DATA PROVIDED ->
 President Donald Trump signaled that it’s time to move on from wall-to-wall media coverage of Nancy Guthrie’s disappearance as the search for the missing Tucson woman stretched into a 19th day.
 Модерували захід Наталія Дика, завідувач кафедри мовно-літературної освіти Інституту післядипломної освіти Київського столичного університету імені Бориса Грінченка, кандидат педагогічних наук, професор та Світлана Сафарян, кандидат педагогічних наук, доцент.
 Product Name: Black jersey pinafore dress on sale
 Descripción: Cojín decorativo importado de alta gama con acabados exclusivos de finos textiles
==
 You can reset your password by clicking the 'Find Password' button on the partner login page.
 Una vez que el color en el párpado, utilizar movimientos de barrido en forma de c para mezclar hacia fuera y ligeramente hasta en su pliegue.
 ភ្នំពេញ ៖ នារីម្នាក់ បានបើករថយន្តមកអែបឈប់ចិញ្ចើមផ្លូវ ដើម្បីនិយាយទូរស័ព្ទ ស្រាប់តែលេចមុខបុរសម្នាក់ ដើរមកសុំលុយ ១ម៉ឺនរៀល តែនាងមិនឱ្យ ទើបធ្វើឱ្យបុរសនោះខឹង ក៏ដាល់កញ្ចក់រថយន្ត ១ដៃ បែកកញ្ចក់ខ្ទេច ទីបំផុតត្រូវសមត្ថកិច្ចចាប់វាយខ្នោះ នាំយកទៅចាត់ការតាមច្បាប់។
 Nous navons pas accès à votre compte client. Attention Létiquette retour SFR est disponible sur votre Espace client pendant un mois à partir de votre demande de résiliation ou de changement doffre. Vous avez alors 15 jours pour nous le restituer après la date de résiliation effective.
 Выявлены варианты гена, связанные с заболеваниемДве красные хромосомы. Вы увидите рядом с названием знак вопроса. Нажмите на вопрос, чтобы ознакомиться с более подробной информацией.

AIM OF THE TASK -> From the records above, repeat exactly the lines from the one with "President Donald Trump" through the one with "Descripción: Cojín decorativo", both included.

RESPONSE TO THIS EXERCISE ->
 President Donald Trump signaled that it’s time to move on from wall-to-wall media coverage of Nancy Guthrie’s disappearance as the search for the missing Tucson woman stretched into a 19th day.
 Модерували захід Наталія Дика, завідувач кафедри мовно-літературної освіти Інституту післядипломної освіти Київського столичного університету імені Бориса Грінченка, кандидат педагогічних наук, професор та Світлана Сафарян, кандидат педагогічних наук, доцент.
 Product Name: Black jersey pinafore dress on sale
 Descripción: Cojín decorativo importado de alta gama con acabados exclusivos de finos textiles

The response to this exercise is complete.